GSE190114数据集的样本分组如下,三个分组三个重复样本,我们重点对前两个分组的重复样本进行差异分析
处理数据的话,作者上传了基因count矩阵,我们就可以直接走基因count矩阵的差异分析流程进行分析,链接见如何做单样本之间的差异分析。
以下为基因count矩阵下载链接:https://www.ncbi.nlm.nih.gov/geo/download/?acc=GSE190114&format=file&file=GSE190114%5FRNA%5FSeq%5FCountMatrix%2Etxt%2Egz;感兴趣的小伙伴可以下载试试。
rm(list = ls())
library(edgeR)
library(DESeq2)
library(FactoMineR)
library(factoextra)
library(clusterProfiler)
library(org.Hs.eg.db)
library(org.Mm.eg.db)
library(stringr)
library(stringi)
library(tidyverse)
library(ggplot2)
library(patchwork)
library(pheatmap)
library(VennDiagram)
library(RColorBrewer)
library(patchwork)
library(ggplotify)
rawcount <- read.table("./GSE190114_RNA_Seq_CountMatrix.txt",header = T,sep="\t",row.names = 1)
colnames(rawcount)
## [1] "WT" "WT.2" "WT.3" "KI2.1" "KI2.2" "KI2.3" "KIKI.1" "KIKI.2"
## [9] "KIKI.3"
rawcount[1:4,1:4]
## WT WT.2 WT.3 KI2.1
## A1BG 176 292 151 235
## A1BG-AS1 242 366 179 361
## A1CF 2 5 2 18
## A2M 5 1 3 18
# 本身就是基因表达矩阵(无需降重与ID转换);选择二分组的样本
rawcount=rawcount[,1:6]
keep <- rowSums(rawcount>0) >= floor(0.75*ncol(rawcount))
filter_count <- rawcount[keep,] #获得filter_count矩阵
express_cpm <- log2(cpm(filter_count)+ 1)

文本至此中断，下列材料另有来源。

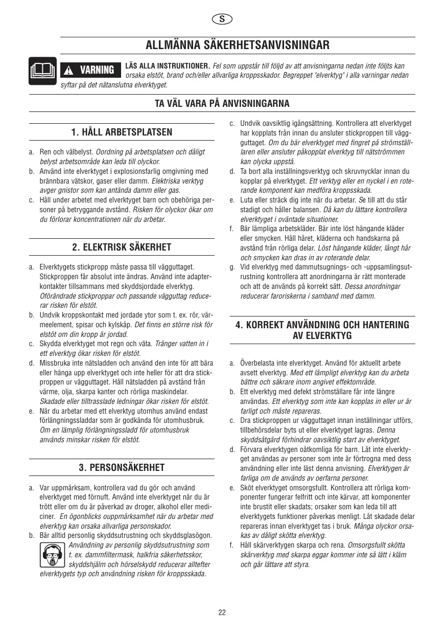 2. SECURITE ELECTRIQUE a. La fiche de l’outil électroportatif doit être appropriée à la prise de courant. Ne modifiez en aucune circonstance la fiche. N’employez pas d’adaptateur avec les outils électroportatifs mis à la terre. L’utilisation de fiches non modifiées et de prises appropriées réduira le risque de choc électrique. b Evitez tout contact corporel avec des éléments reliés à la terre, tels que tuyauterie, radiateurs, cuisinières, réfrigérateurs. La mise à la terre du corps accroît le risque de choc
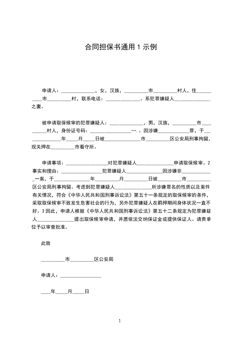 申请事项:_________________对犯罪嫌疑人_______________申请取保候审。2事实和理由:_________________犯罪嫌疑人_______________因涉嫌非_____________一案,于_______________年__________月__________日被__________市__________区公安局刑事拘留。考虑到犯罪嫌疑人_______________所涉嫌罪名的性质以及案件有关情况,符合《中华人民共和国刑事诉讼法》第五十一条规定的取保候审的条件,采取取保候审不致发生危害社会的行为,另外犯罪嫌疑人在羁押期间身体状况一直不好。3因此,申请人根据《中华人民共和国刑事诉讼法》第五十二条规定为犯罪嫌疑人_______________提出取保候审申请,并愿依法交纳保证金或提供保证人。请贵单位予以审查批准。
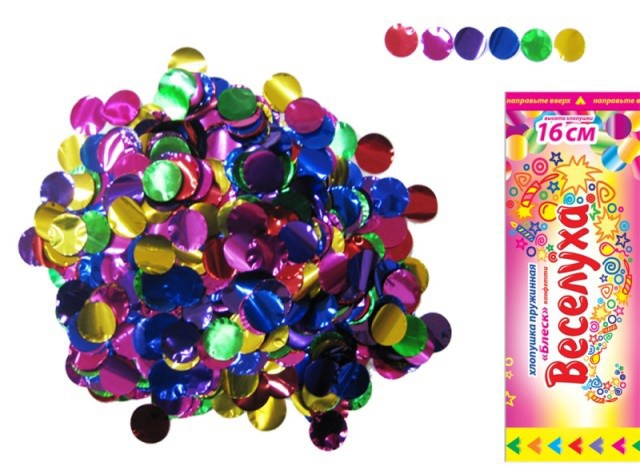 Хлопушка пружинная Блеск конфетти украсит любое торжество – свадьбу, юбилей, корпоративный или детский праздник. Фонтан из разноцветных конфетти высотой 2-3 метра поможет придать празднику сказочную атмосферу.
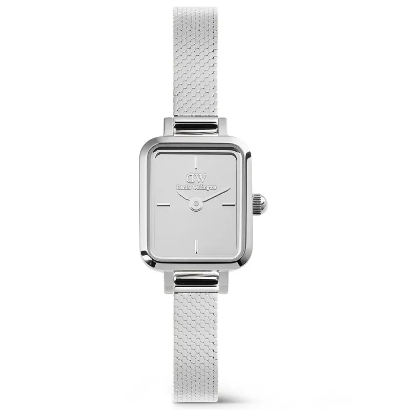 Orologio solo tempo da Donna DANIEL WELLINGTON della collezione QUADRO MINI REFLECTION SILVER con movimento al quarzo, cassa rettangolare 15.4 x 18.2 mm in acciaio inox 316L, spessore della cassa 6.00 mm, quadrante analogico in vetro a specchio silver e vetro minerale – Il cinturino è in acciaio inox con finitura lucida e monta una chiusura scorrevole e regolabile con gancio a scatto e blocco di sicurezza – Orologio impermeabile a 3 ATM quindi non si può immergere in acqua, ma resiste agli spruzzi e agli schizzi
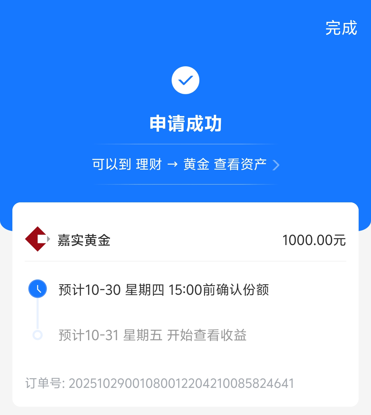 午后看到金价小幅回调,便补了1000元仓位。$嘉实上海金ETF发起联接C$ 的七天免赎政策确实实惠,尤其像今天这样遇到波动时更能体现优势。它与国内金价实时同步,省去了研究国际汇率的麻烦。在资产组合中保持适量黄金,确实能感受到分散风险的作用。使用熟悉的投资应用就能完成交易,整个过程很顺畅。低费率让我在调整仓位时更从容,不会因为成本顾虑错失时机。近期多国央行增持黄金的消息,让我对这次加仓更有信心。
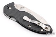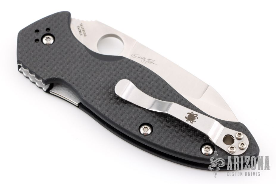 The Canis from Spyderco is a spectacle of a knife designed for everyday carry. The blade is made of CPM-S30V, and features a truly unique blade profile and grind. It has a Wharncliffe shape, a flat grind, and a ground out section which reduces weight, but full spine thickness near the tip to reinforce it. The handle is made of a carbon fiber/G-10 laminate with a gentle texture to hold it nicely in the hand.
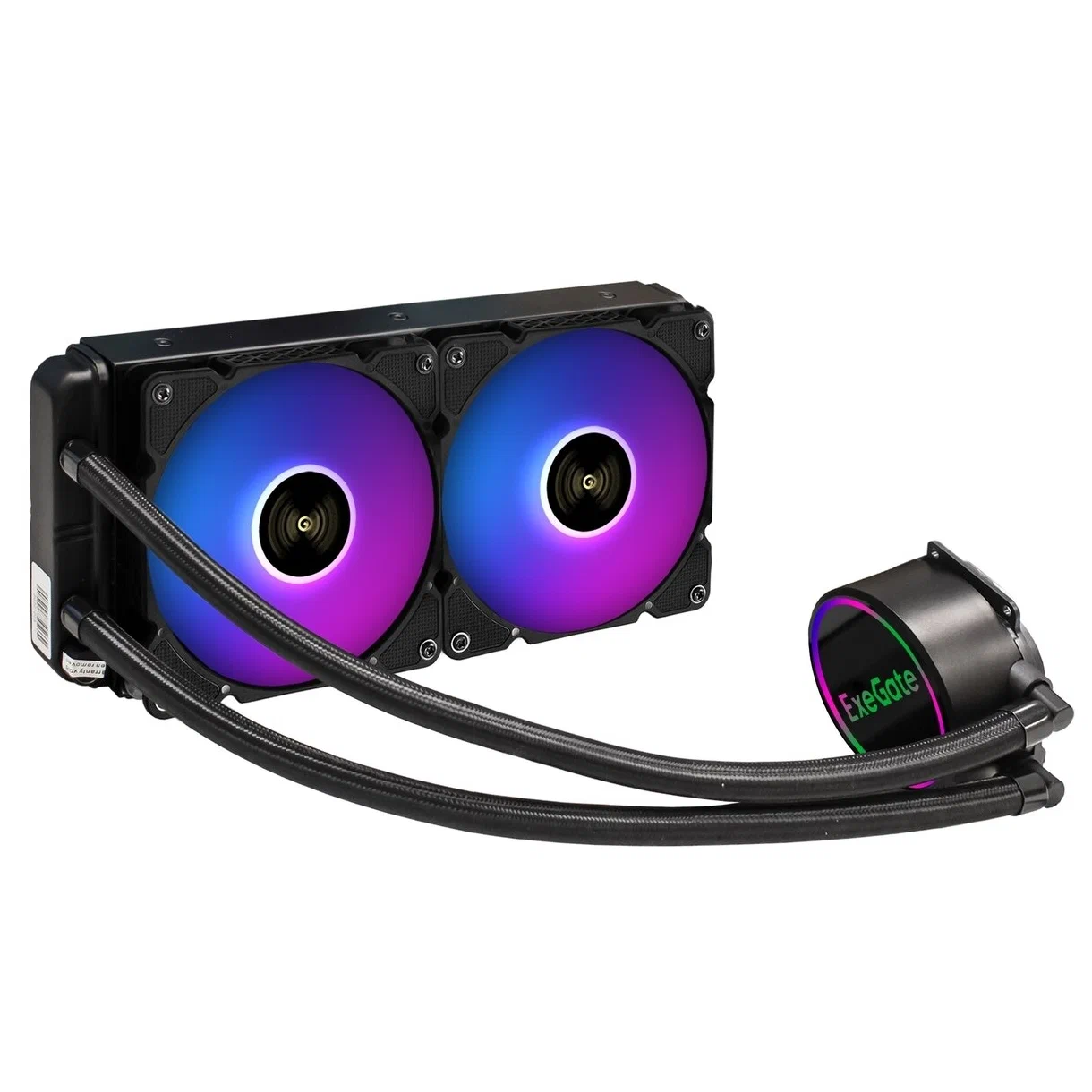 Комплект водяного охлаждения ExeGate EX293458RUS BlackWater-240.PWM.ARGB (3 PIN 5V ADDRESSABLE RGB подсветка, LGA2066/2011/1366/1150/1151/1155/1156/1200/1700/AM4/FM1/FM2/FM2+/AM2/AM2+/AM3/AM3+, TDP 220W, Fan 120mm, PWM, 800-2000RPM, Hydro bearing, 4pin, 1

express_cpm[1:4,1:4] #获得cpm矩阵
## WT WT.2 WT.3 KI2.1
## A1BG 1.71773149 1.73333170 1.62106406 1.7477082
## A1BG-AS1 2.05228844 1.96869792 1.79117863 2.2087259
## A1CF 0.03704971 0.05632098 0.03913408 0.2395589
## A2M 0.09089915 0.01144147 0.05831012 0.2395589
#根据列的信息,提取分组信息
colnames(rawcount)
## [1] "WT" "WT.2" "WT.3" "KI2.1" "KI2.2" "KI2.3"
group=rep(c("WT","KI2"),each=3)
group
## [1] "WT" "WT" "WT" "KI2" "KI2" "KI2"
group_list=factor(group,levels = c("WT","KI2"))
table(group_list)#检查一下组别数量
## group_list
## WT KI2
## 3 3
## 01绘制整体表达的箱线图
exprSet <- express_cpm
class(express_cpm)
## [1] "matrix" "array"
data <- data.frame(expression=c(exprSet),
sample=rep(colnames(exprSet),each=nrow(exprSet)))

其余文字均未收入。